Right Atrial Mass and Severe Symptomatic Anemia as the Initial Presentation of Renal Cell Carcinoma
Leslie-Joy Romero, Mona Ghias, Hugo Carducci, Nicholas Mains, Kevin Bogdansky

TL;DR
A 63-year-old man with severe anemia and a heart mass was found to have advanced kidney cancer that had spread to his liver and heart.
Contribution
This case report highlights the rare initial presentation of renal cell carcinoma involving the right atrium and severe anemia.
Findings
A right atrial mass was identified as part of metastatic renal cell carcinoma.
Severe symptomatic anemia was an initial symptom of advanced kidney cancer.
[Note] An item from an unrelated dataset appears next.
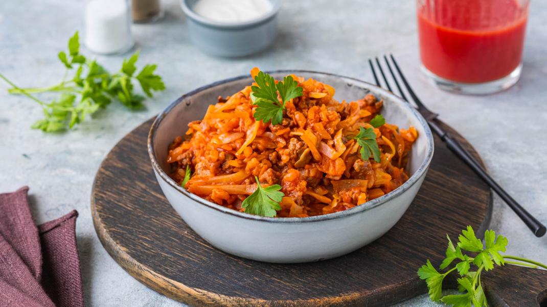 Αν και το έχουμε συνηθίσει λευκό, το ντοματένιο λαχανόρυζο έχει τη δική του ξεχωριστή νοστιμιά.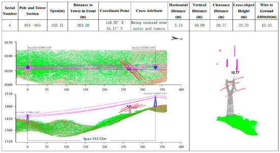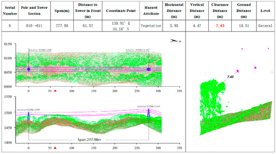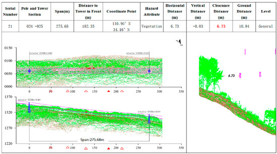 In the management of the hazard detection results of the transmission line, three-view charts are used to display the location coordinates, hazard types, hazard distance, and other information of the hazard points in detail (Figure 21, Figure 22, Figure 23 and Figure 24), which greatly facilitates the follow-up staff s’ investigation and removal of the hazard points, and guarantees the quick and effective supply of power resources.

Curative surgery was not pursued due to extensive disease and patient preference.
Abstract
We present a case of a 63-year-old male with a history significant for hypertension and a 45-pack-year smoking history who presented with severe symptomatic anemia. Rather quickly, upon imaging, he was found to have a 10 cm liver mass, a right renal mass, and a right atrial mass. A liver biopsy was performed and confirmed metastatic renal cell carcinoma (clear cell variant). Due to the extensive disease burden and patient preference, curative surgery was not pursued. This case highlights the rare but critical complications that can present as the initial presentation of renal cell carcinoma.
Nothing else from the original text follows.